East Midlands Mental Health Commissioning Network
What I would do with the website if it were mine to build
Terri Eynon
Big bold statements of intent
- Are we doing what we know works?
- Every defect is a treasure
- If this service were working how would we know?
Subsections with titles that use straightforward language
The language is important – polysyllables obfuscate – short words get to the point quicker. There can be no room for the kind of cleverness that says to GPs ‘but you really don’t understand what we are trying to do here....’
What works?
A section for the evidence base, links to papers evaluating stuff we know is effective.
How do we measure?
A section where we establish a set of Network-wide measures so we can establish benchmarking eg CORE-OM, RecoveryStar etc
We could also share things like standardised staff evaluation questionnaires, user satisfaction surveys. If we can begin to agree common measures then we can start benchmarking (see below)
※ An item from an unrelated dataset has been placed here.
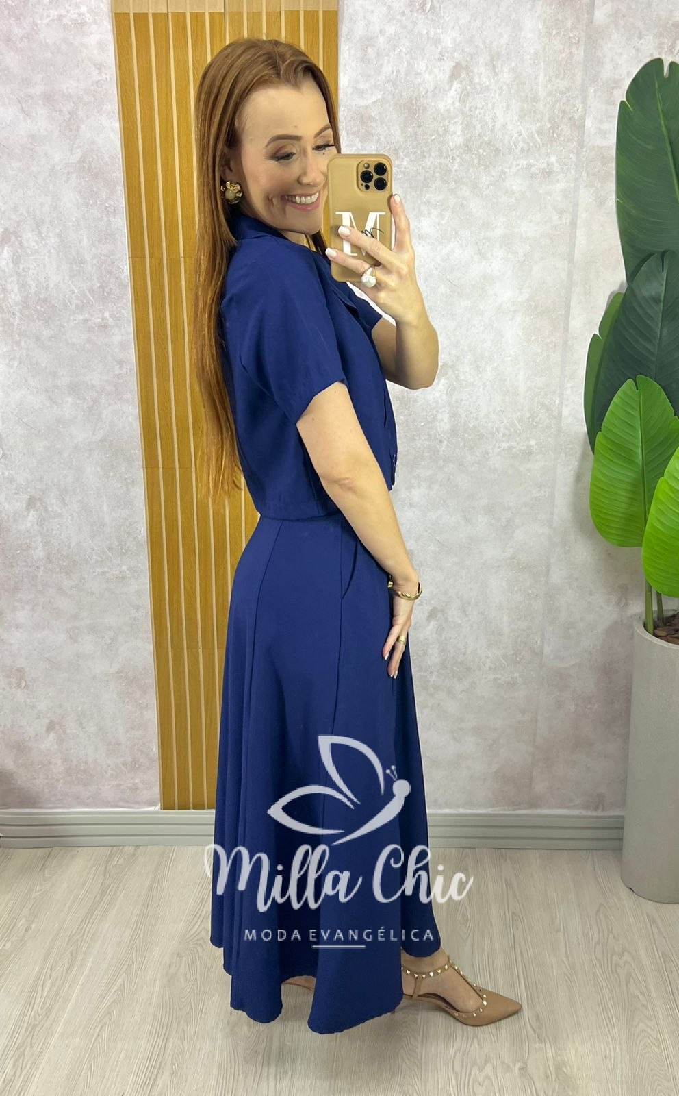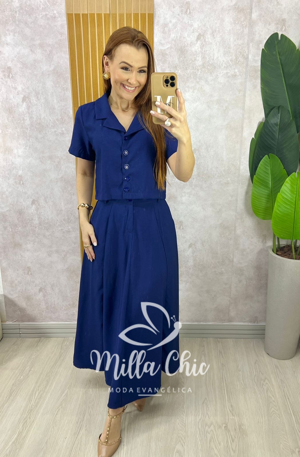 O conjunto Damares se destaca pelos detalhes encantadores, como a modelagem da saia perfeita que valoriza e a camisa estilo blazer .

Who is measuring and what?
A section listing organisations and individuals who are already involved in evaluation and linking to their websites
- SUCRAN – the service user and carer research and audit network at De Montfort
- The Eating Disorders department at Loughborough Uni
- CLAHRCs
- etc
What are we doing?
Where we put up narratives about services that we are offering and how we are measuring them with the idea that the Network is there to critically evaluate our evidence so far and begin to move towards benchmarking of similar interventions (see below)
What would we like to do?
Where we post our commissioning intentions up for discussion – with the aim of seeing how we can move towards benchmarking with similar services (see below)
Is my service as good as I think it is?
A section for benchmarking – which will have subsections for particular types of intervention
- Is my IAPT as good as I think it is?
- Is my primary care mental health facilitator service as good as I think it is?
- Is my rehab service as good as I think it is?
- Etc
Each of these sections will have a development line – and each of these needs to be led by someone for whom this area is a passion.
IAPT is easy to start off – we already have KPIs. That gives us some nice comparable numbers.
We also have data on costs.
Mike McHugh has already written a big paper for Leicestershire comparing Good Thinking with its neighbours.
But we also have very different ways of delivering the same idea. We need some qualitative analysis first – to establish what the main differences are – before we can tabulate this. For example, Leicestershire is highly CBT, very PWP oriented, works in practices. Lincoln (I think) is more psychologist led, works in hubs...
A mature benchmarking site would have a clear set of comparative data. So, in rehab for example – how many rehab beds per population is an area of interest. We might want to look at how long people stay in service – and what care cluster they are at according to HoNOS.
All this data is out there – and it will be commissioning managers who have a problem they need to solve who will have the passion to drag the data out for comparision.
PbR
I am not entirely sure yet how this discussion fits into the above. I am a clinician. I need to know what a commissioning manager would want on this site to support this. But I would see that as developing from the mature benchmarking area – so we are beginning to pay providers more for good practice than for complacency[SFH1].
[SFH1]1 We could compare numbers of patinets allocated to each care clusters as a starter. Also what is the split between community and inpatinets. We could also compare what are we paying for each cluster. Also over time get a sense of how much movement there is across clusters.